P.S. I Like You(71)



His car wasn’t in front when I pulled up, but I checked all the rooms and backyard anyway. He wasn’t here. I didn’t know why I thought he’d come running to me when I was the person he was quite obviously running from right now.

I dropped Isabel’s car keys on the floor in my bedroom and collapsed onto my bed, not sure what to do at this point. Just wait for him to text me? I felt like there’d been too much waiting when it came to the two of us and I wasn’t sure we’d survive another session of it.

Wyatt’s head appeared around my partially open door. “Hi.”

“Hey.”

“Can I talk to you?” He inched his way into my room, but lingered by the door.

“Sure, come in.” I scooted over on the bed, still on my back, and patted the space next to me. My brother joined me there, lying next to me, staring at the ceiling. When he didn’t say anything I asked, “What’s going on?”

“I hope you don’t hate me.”

I propped myself up on my elbows, worried now. “I don’t hate you. What happened?”

He couldn’t look at me. He stared hard at the ceiling like it wasn’t just an empty white expanse. Like it might actually be telling him something. Judging him. Finally, he spit out, “I was the one who broke your guitar. I’m sorry.”

I sighed and let myself fall back again.

“You hate me now.”

“No, I don’t hate you. I could never hate you. I’m tired. I’ve just had a long day.”

“You’re not mad?”

I was mad and sad and frustrated and feeling very guilty for having blamed Jonah all this time for something he hadn’t done.

“We need to apologize to Jonah, don’t you think?”

“Yes.”

“Together?” I held up my hand and Wyatt put his against it. His fingers were nearly as long as mine. When had that happened? “How did you break it, anyway?” Maybe I shouldn’t have asked. The story might only ignite the anger that I didn’t have the energy for right now.

“I fell on it.”

“What?
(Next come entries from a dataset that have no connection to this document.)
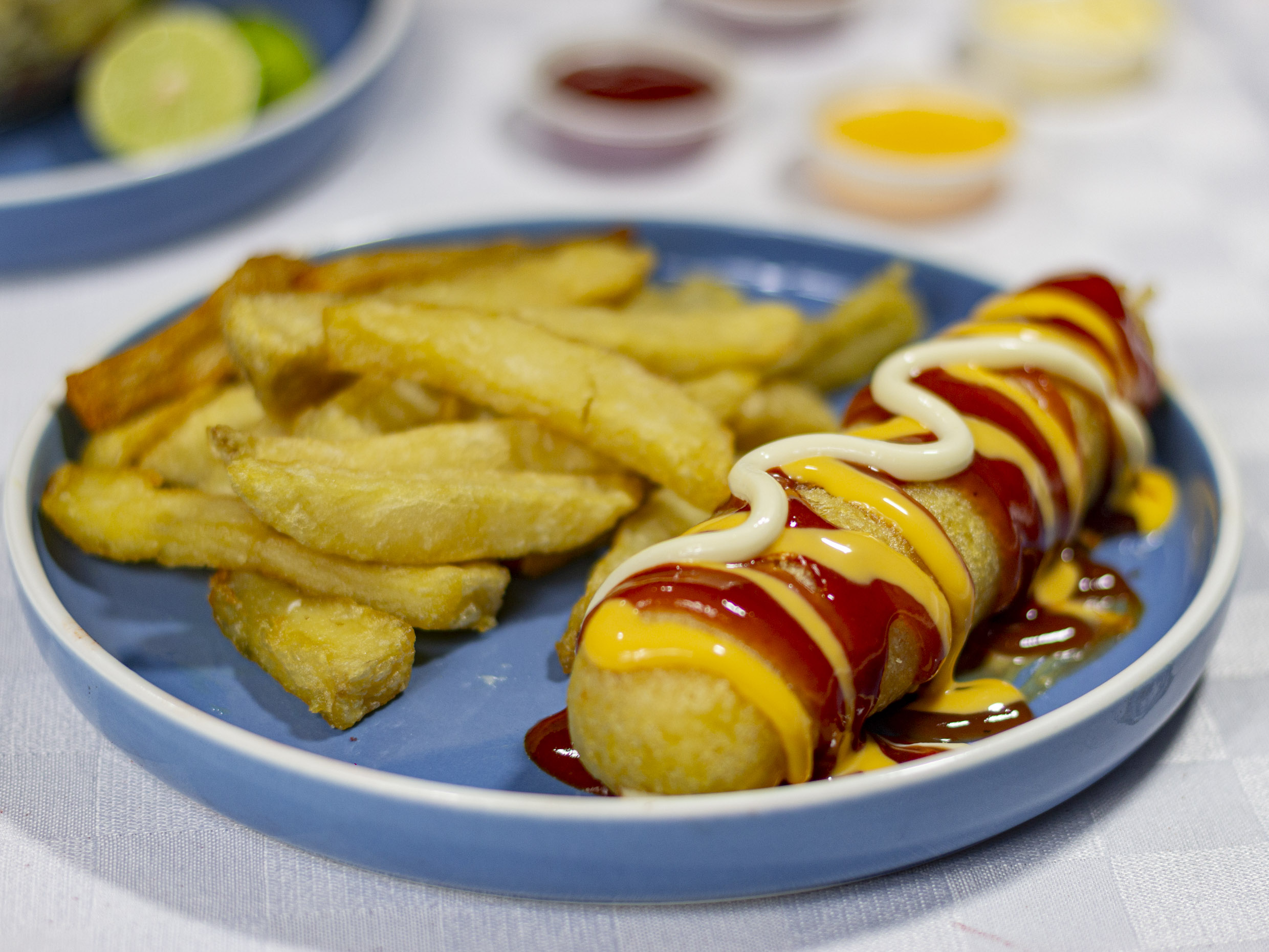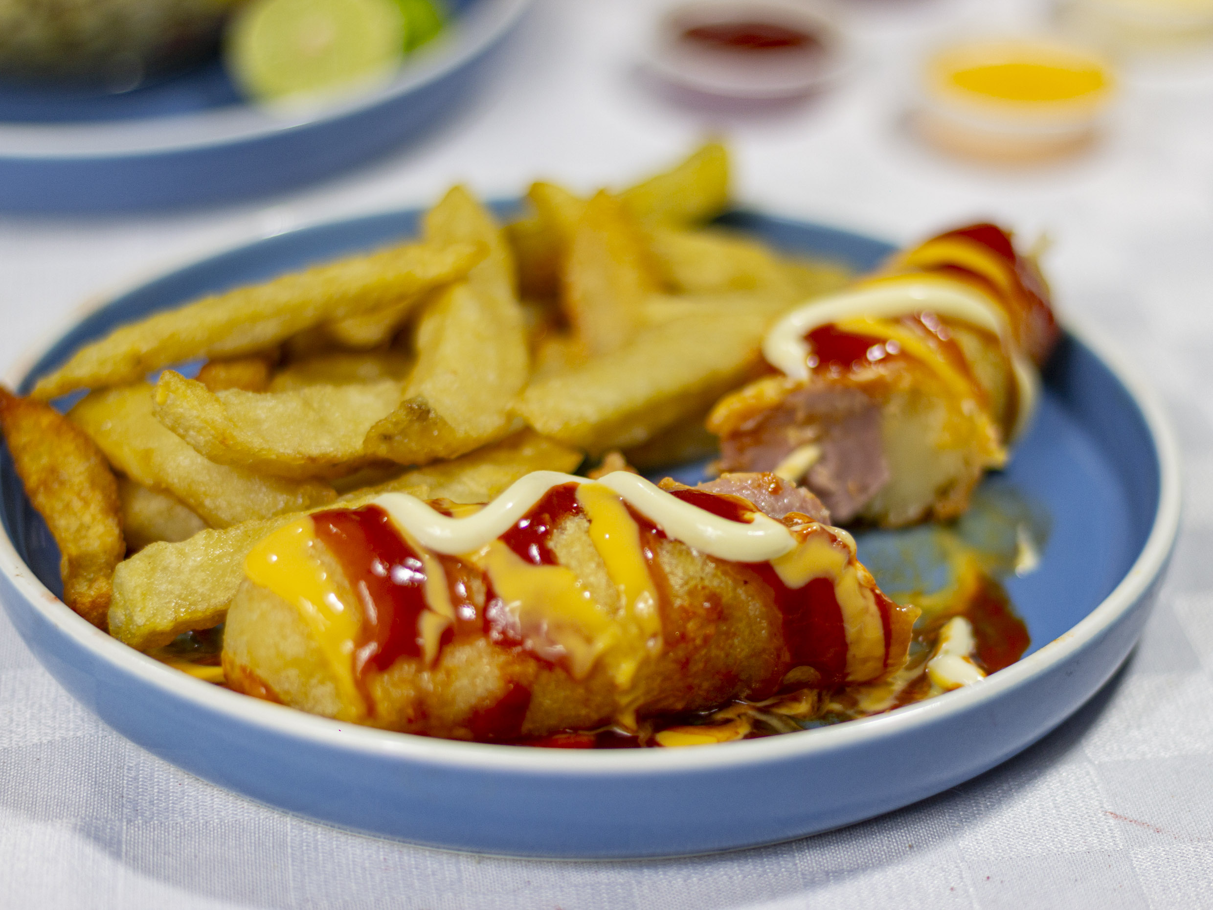 Salchicha de pavo cubierta de harina, con catsup, mayonesa, queso amarillo y salsa, acompañado de papas
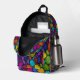 Lightweight and durable, our custom all over print Backpack is just what you need. The spacious interior is ideal for travel, school, gym, or any mobile storage need. Bring your stuff with you in style! Features adjustable padded shoulder straps, two chambers on the inside for laptop storage, mesh side pockets and identification label.
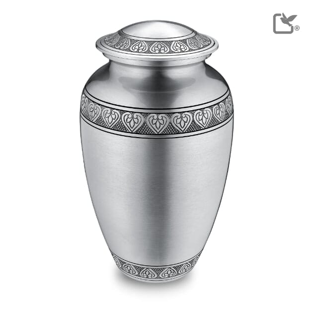 Elegant ivory ceramic urn with ornate embossed details and gold trim

Why was it out of the case?”

Wyatt looked embarrassed. “I wanted to learn how to play … like you.”

I smiled and tousled his hair. “Who taught you the flattery rule?”

“Dad.”

I grabbed him by the arm and helped him off my bed. “Come on. Before you learn how to play, you need to listen to all the music in the world.”

“All of it? That’s a lot.”

“Well, you need to figure out what you like best. First, let’s go talk to Jonah and then I’ll give you a few tracks to start with.”

Wyatt’s foot connected with the keys on the carpet and they flew into the wall with a clunk. He picked them up and held them out for me. “Why do you have Isabel’s car?”

“I had to do something important.”

“Oh. Do you need to go do it?”

I pocketed the keys. “Later. This is important, too.”



I was in the car again. Wyatt and I had apologized to Jonah. I’d found a few perfect songs for Wyatt. And I’d written Cade a letter. It was all I could think of to do. Now I was going to drop the letter off at his house.

It was a letter that talked about how sorry I was and how all these years I’d misjudged him. How I understood why he’d acted like he had at his birthday party—he’d been waiting for his dad to call and was hurt when he hadn’t. I understood why he tried to help other people when he thought they were hurting by diverting attention, by making people laugh, because that’s how he dealt with his problems. I ended the letter by telling him that I wasn’t going to walk away from him. He couldn’t get rid of me this easily.

I gripped the steering wheel, the letter sitting on the passenger seat, waiting to be read. I wished Cade were sitting in the passenger seat instead.

I was halfway to his house when I realized there was one place I hadn’t looked. The one and only place he had ever taken me—the hotel with the golf course.

I crossed three lanes of traffic to make a U-turn, eliciting a long honk from a black Suburban. I waved but didn’t make eye contact.

Cade was going to be there. He had to be.

I got to the hotel, parked, and followed the path he had led me on that night. I got turned around a few times, but eventually I found the gate. The one he had climbed. It was locked, like it had been that night. The moon was bright tonight and lit the path beyond the gate better than it had when we had been here.

I leaned against the gate and pulled out my phone again.

Are you at the hotel? I texted. If you are, I’m here and in 5 minutes I’m going to climb this gate even though I’ll totally get caught … and I’m not sure I can actually climb a gate. And I’m wearing a skirt. Please don’t make me climb this gate.

I stood on my tiptoes and tried to see even a glimpse of the patio where we had sat. I could only see some colorful tips of a potted plant. I tugged on the bars. The gate wasn’t going to open. The top was flat, without pointy spikes like I’d seen on many gates. The kind of points that could impale a person. This was a good thing. But the bars that led up to the top had no horizontal connections. How had Cade climbed it that night?

“I can do this,” I muttered. “After all, I’m the world’s greatest runner now; this should be easy.” I shoved my foot in between a couple of bars to give me my first boost up.